Before the Civil War, state and federal courts were quite reluctant to rule laws unconstitutional. They were especially reluctant to do so to protect individuals and minority groups from hostile majorities. The Supreme Court had said it would intervene directly against state laws only when they violated expressly stated constitutional prohibitions. That meant that the provisions of the Bill of Rights, the main listing of Americans’ civil and procedural rights, did not apply against the states.

By stating explicitly that “no State shall” abridge the rights of citizens, deny due process, or deprive persons of equal protection of the law, the Fourteenth Amendment met the Supreme Court’s requirement. Moreover, it mandated that that courts intervene to protect very vaguely defined rights.

Slowly, they interpreted the Fourteenth Amendment to impose on the states most of the rights listed in the Bill of Rights. With Brown v. Board of Education, the 1954 decision ruling government-required school segregation unconstitutional, the Supreme Court began to overturn all government-sponsored racial discrimination. In the seventy-plus years since, state and federal courts have extended the principle to age and gender discrimination, aided by supportive state and federal legislation.

The 14A did not simply impose the Bill of Rights on the states… it imposed it on private citizens. The legal reasoning went that if the state tolerated inequality, it was then denying its citizens a right to equality. The 14A invented government-created rights.

In this way, it followed the French Revolutionary model as seen in the Napoleonic Code which emphasized equality through reason enforced at a federal level:

Napoleonic Code, French civil code enacted on March 21, 1804, and still extant, with revisions. It was the main influence on the 19th-century civil codes of most countries of continental Europe and Latin America.

Political unification was paired with a growing national consciousness, which, in turn, demanded a new body of law that would be uniform for the entire state. The Napoleonic Code, therefore, was founded on the premise that, for the first time in history, a purely rational law should be created, free from all past prejudices and deriving its content from “sublimated common sense”; its moral justification was to be found not in ancient custom or monarchical paternalism but in its conformity to the dictates of reason.

Under the code all male citizens are equal: primogeniture, hereditary nobility, and class privileges are extinguished; civilian institutions are emancipated from ecclesiastical control; freedom of person, freedom of contract, and inviolability of private property are fundamental principles.

Europe followed the same path of decay of most advanced civilizations: create easy jobs, then create a mass of workers, then use them as a political base — at which point all politics becomes gift-giving of tax money — and then convert to a fully managed system where socialism is a type of insurance against revolution and inequality.

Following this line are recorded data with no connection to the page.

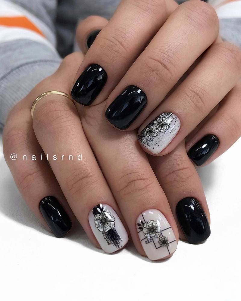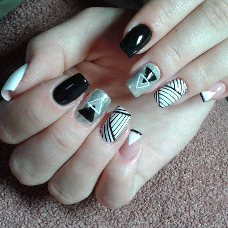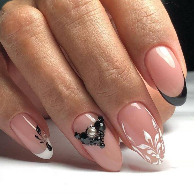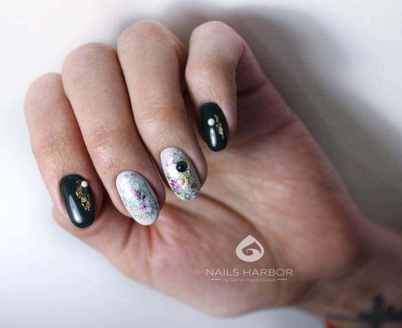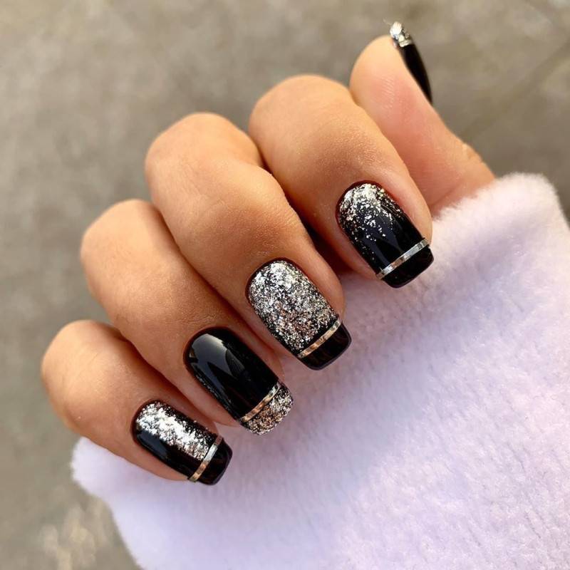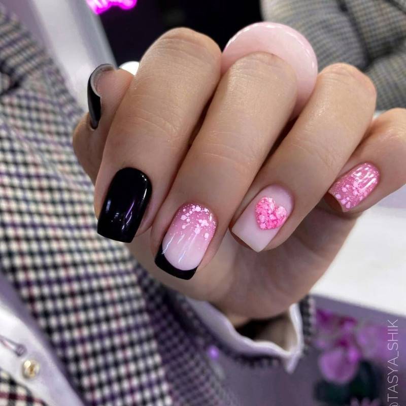 Когда речь идет о сочетаниях черного и других цветов в маникюре, то первой возникает ассоциация с очень эффектным и беспроигрышным сочетанием черного и белого. Игра контрастов дает несметное количество разнообразнейших креативных сочетаний: полоски, клеточки, горошек, геометрия, абстракция, мраморные узоры, французский и лунный маникюр, тематические принты, негативное пространство, эффектный градиент, минималистический дизайн, силуэтные рисунки, надписи черным на белом и наоборот, и многие другие. Самыми удачными и популярными в этом году также стали сочетания черного с нежным и женственным розовым и ярко-розовой и насыщенной фуксией, со всем спектром очень актуальной нюдовой палитры гель-лаков, классическим красным и его невероятными оттенками, а также мегамодным в этом году и в маникюре, и в одежде изумрудно-зеленым цветом лака и блестящих украшений, напоминающими драгоценный натуральный камень изумруд!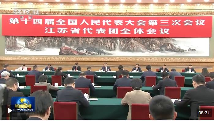 3月5日,十四屆全國人大三次會(huì)議開幕。當(dāng)天下午,習(xí)近平總書記來到他所在的江蘇代表團(tuán)參加審議。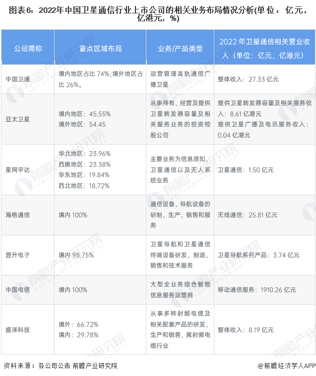 本文核心数据:卫星通信上市企业营收;卫星通信相关企业热力地图;卫星通信相关企业业务概况;卫星通信相关企业业务收入;卫星通信相关企业毛利率
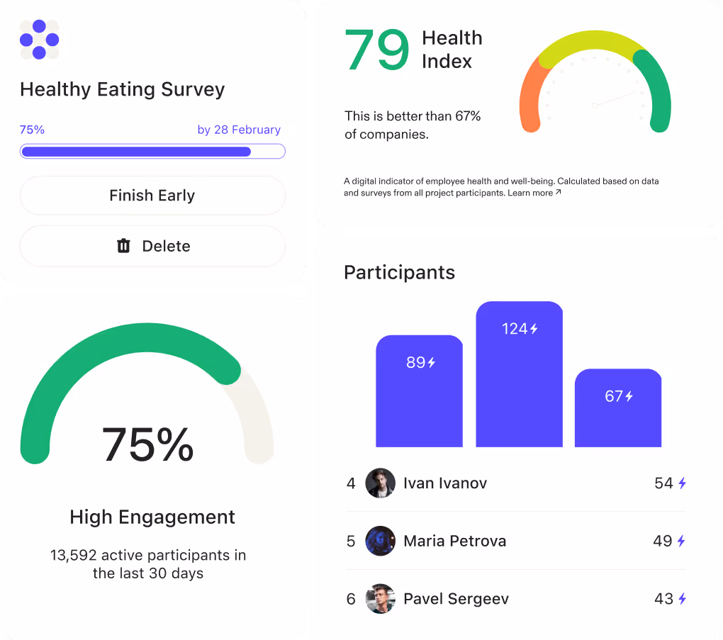 Stayf enables HR leaders to focus on strategic tasks while ensuring employee health, engagement, and motivation. Flexible branding customization and unique design make the platform a natural extension of your corporate culture.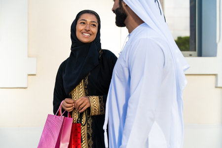 Traditional arab couple wearing emirati clothing - Middle-eastern married woman with abaya and man with kandura meeting and having fun in the city
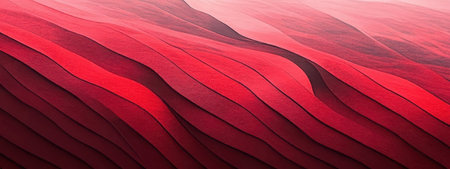 An abstract background featuring a dynamic pattern of wavy, parallel lines in a gradient of red hues. The colors transition from deep maroon at the bottom to vibrant red and lighter shades towards the top, creating a sense of depth and movement. The surface exhibits a subtle, granular texture.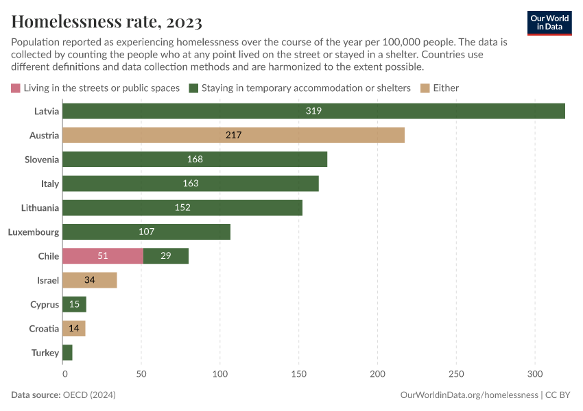 Bastian Herre and Pablo Arriagada (2024) - “Homelessness” Published online at OurWorldinData.org. Retrieved from: 'https://data-wdi-depsupdate.owid.pages.dev/homelessness' [Online Resource]BibTeX citation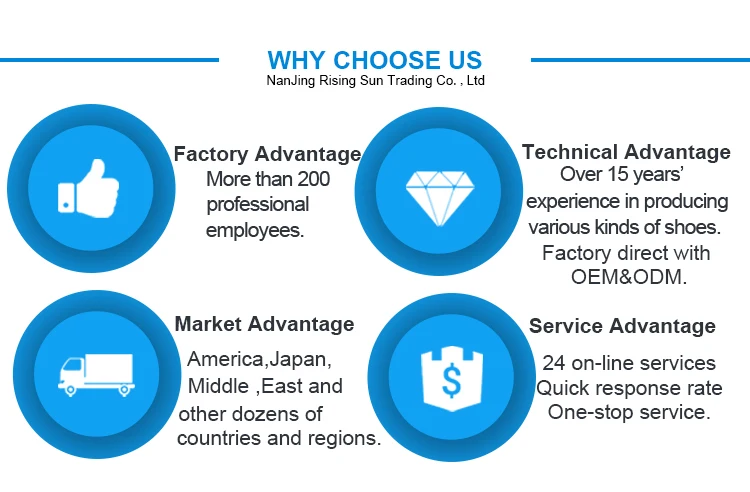 NanJing Rising Sun Trading Co.,Ltd is located in Jiangsu Province,spe- cialized in manufacturing and trading various of footwear,main products are PVC shoes,rubber shoes, military boots, outdoor hiking shoes and safety shoes. We have professional designs, a development and production team, we could provide private design according to customers special requirements. We exported the mentioned products to many countries, such as Japan,European, Middle East and USA. Because of high quality products and good services, we set long-term relationships with many famous buyers such as Disney, Nishimatsu, Tommy Hilfiger, Walmart etc. We have two son factories that cover an area of 40000 square meters, with more than 200 professional workers. We warmly welcome you to contact us,we will guarantee high quality with the most competitive prices.

In the pursuit of this symbolic goal of equality, the civilization consumes itself from within. It taxes its most capable in order to subsidize its least capable, and when it ends up with more of the latter, becomes ruled by the passions of trends, panics, manias, fads, bullying, and other of the worst behaviors of humankind.

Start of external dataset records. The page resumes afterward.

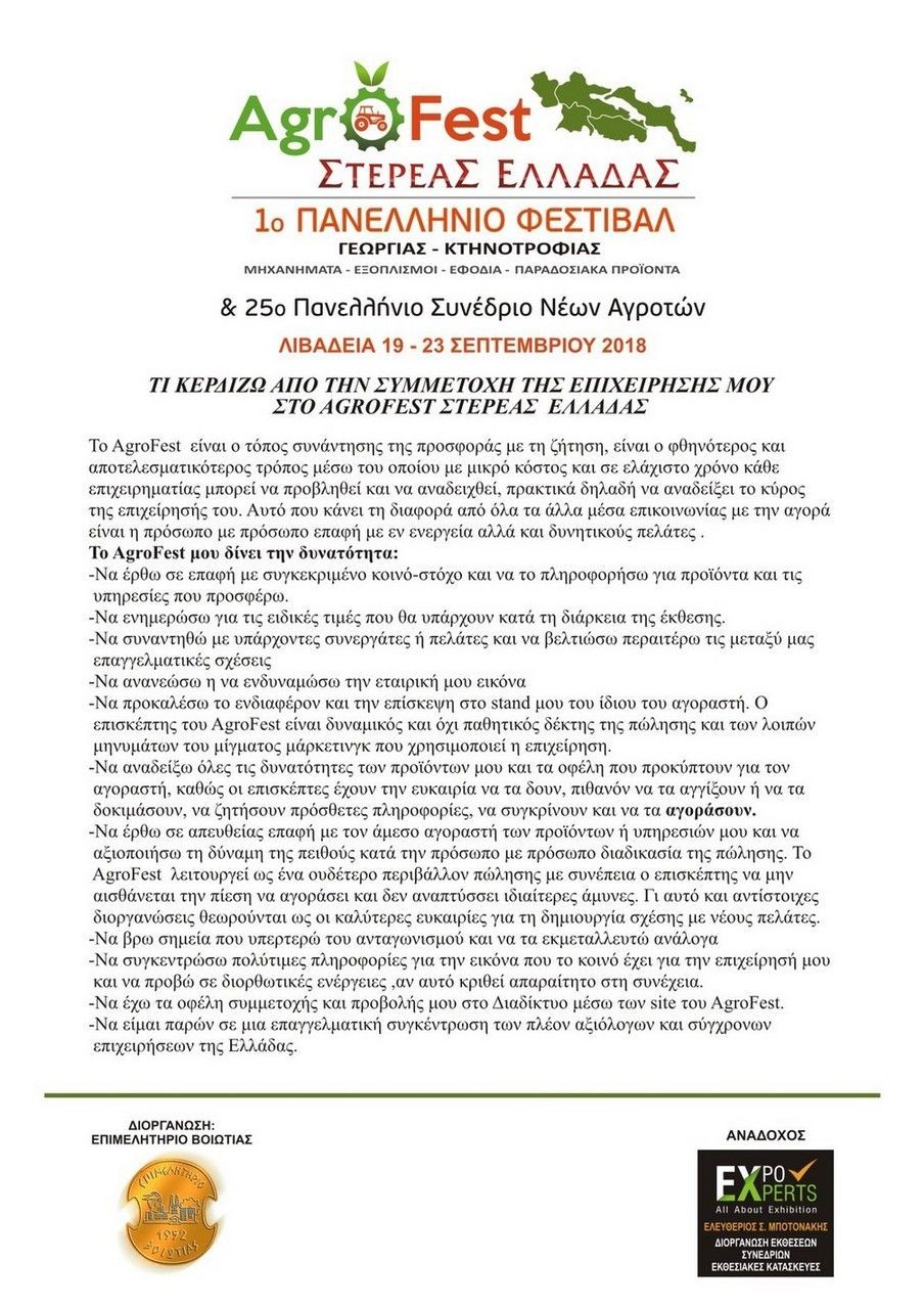 1ο Πανελλήνιο Φεστιβάλ Γεωργίας & Κτηνοτροφίας, AGROfest Στερεάς Ελλάδας_Λιβαδειά_19-23.09.2018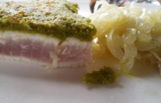 Zutaten für Personen Rezept mit Bild: Thunfisch mit Pistazienkruste und Wasabizwiebeln Bild einstellen 2 Scheiben weißer Thunfisch 2 EL Pistazienkerne, frisch im Blitzhacker zerhackt 2 EL Mie de Pain, frische We [...]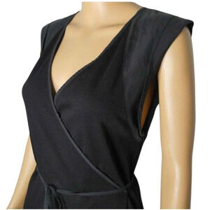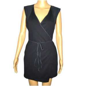 Free People Boho Wrap Dress Womens Medium Large Black Mini Tie Waist Knit Grunge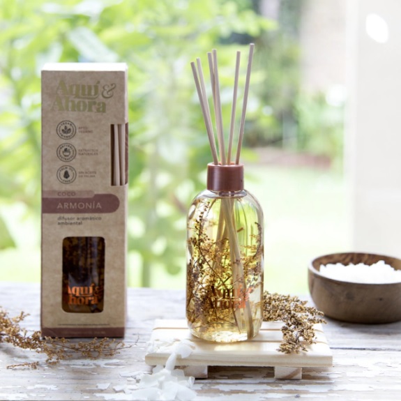 Difusor de ambiente. Línea Aquí y Ahora, esencia premium de Coco con flores naturales en su interior. Elaborado con extractos naturales, sin parabenos. Libre de aceite de palma. Contenido: 250ml. Duración estimada: Aproximadamente entre 45 y 60 días, dependiendo de las condiciones del ambiente donde se lo coloque.

With the 14A, the USA caught up with the European model although it took another eighty years for it to fully vest. As the second world war kicked off, the USA like the Communists redefined itself as a society of equality, and forgot about the need for constant recycling of genetics through competition.

As Rome II fades away and prepares to go out as a third world society, it makes sense to recognize that the 14A not just transformed our laws, but erased our best genetics and replaced them with yes-men, followers, NPCs, trend-chasers, careerists, and other people who miss the forest for the trees.

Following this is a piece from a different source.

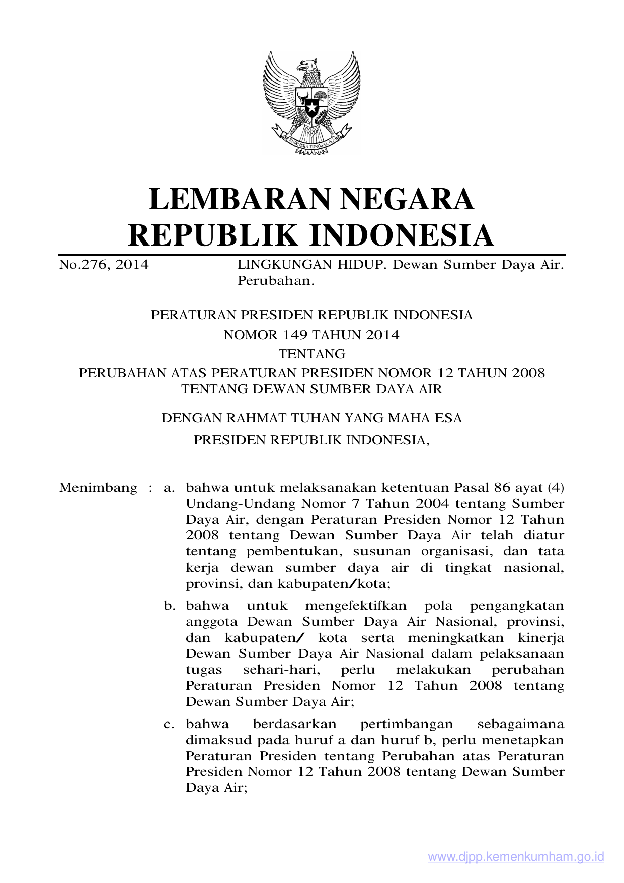 PERPRES Nomor 149 Tahun 2014 | Peraturan Presiden Nomor 149 Tahun 2014 tentang PERUBAHAN ATAS PERATURAN PRESIDEN NOMOR 12 TAHUN 2008 TENTANG DEWAN SUMBER DAYA AIR

Such people operate in a means-over-ends mode where they try to do the right procedure and follow the right social morality and only care secondarily if they get anything done of any use to anyone. Their goal is to feed at the trough of society by going through the motions, not invest themselves emotionally in something.

As you celebrate 14A Day, remember that 99% of your fellow citizenry thinks the 14A was a good thing when in fact it is the pathway to our doom.